Salary Range £93,000—£100,000 GBP
Machine Learning Engineer, AI Foundations employer: Waymo
Contact Detail:
Waymo Recruiting Team
StudySmarter Expert Advice 🤫
We think this is how you could land Machine Learning Engineer, AI Foundations
✨Tip Number 1
Network like a pro! Reach out to folks in the industry, especially those at Waymo or similar companies. A friendly chat can open doors and give you insights that job descriptions just can't.
✨Tip Number 2
Show off your skills! Create a portfolio showcasing your machine learning projects. Whether it's a GitHub repo or a personal website, let your work speak for itself. We love seeing what you've done!
✨Tip Number 3
Prepare for interviews by practising common ML questions and coding challenges. Get comfortable explaining your thought process and how you tackle problems. Remember, it's not just about getting the right answer but how you approach it!
✨Tip Number 4
Apply through our website! It’s the best way to ensure your application gets seen. Plus, we’re always on the lookout for passionate candidates who want to join our mission at Waymo.
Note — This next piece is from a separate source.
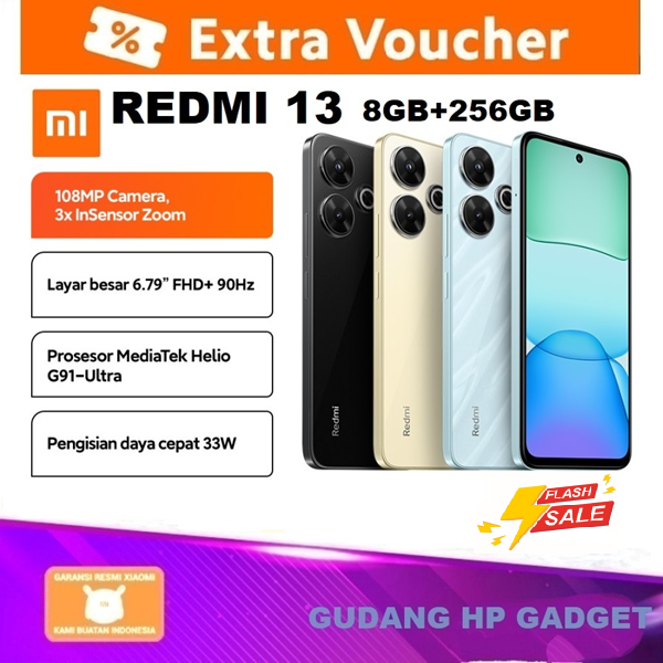 HP REDMI 13 8/256GB GARANSI RESMI NFC Kamera 108 MP Super MediaTek Helio G91-Ultra 33W Fast Charging

We think you need these skills to ace Machine Learning Engineer, AI Foundations
Some tips for your application 🫡
Show Off Your Skills: When you're writing your application, make sure to highlight your programming skills in Python, JAX, and TensorFlow/PyTorch. We want to see how your experience aligns with the role, so don’t hold back on showcasing your ML theoretical knowledge and practical experience!
Tailor Your Application: Take a moment to tailor your application specifically for the Machine Learning Engineer position. Mention any relevant projects or experiences that relate to reinforcement learning, generative modeling, or autonomous driving. This helps us see how you fit into our mission at Waymo.
Be Clear and Concise: Keep your application clear and to the point. Use straightforward language to explain your past experiences and how they relate to the responsibilities of the role. We appreciate clarity, and it makes it easier for us to understand your journey!
Apply Through Our Website: Don’t forget to apply through our website! It’s the best way for us to receive your application and ensures you’re considered for the role. Plus, it gives you a chance to explore more about Waymo and what we do!
How to prepare for a job interview at Waymo
✨Know Your ML Fundamentals
Brush up on your machine learning theories and concepts, especially those related to deep learning and reinforcement learning. Be ready to discuss how you've applied these in real-world scenarios, as this will show your practical experience and understanding of the field.
✨Showcase Your Coding Skills
Since programming is key for this role, practice coding in Python, JAX, and TensorFlow/PyTorch. You might be asked to solve a problem on the spot, so being comfortable with these languages will help you shine during the technical part of the interview.
✨Prepare for Problem-Solving Questions
Expect to frame open-ended problems as well-defined ML challenges. Think about how you would approach real-world issues in autonomous driving and be prepared to discuss your thought process and the methodologies you would use to tackle them.
✨Collaborate and Communicate
This role involves working with various teams, so demonstrate your ability to collaborate effectively. Share examples of past teamwork experiences and how you communicated complex ideas to non-technical stakeholders, as this will highlight your interpersonal skills.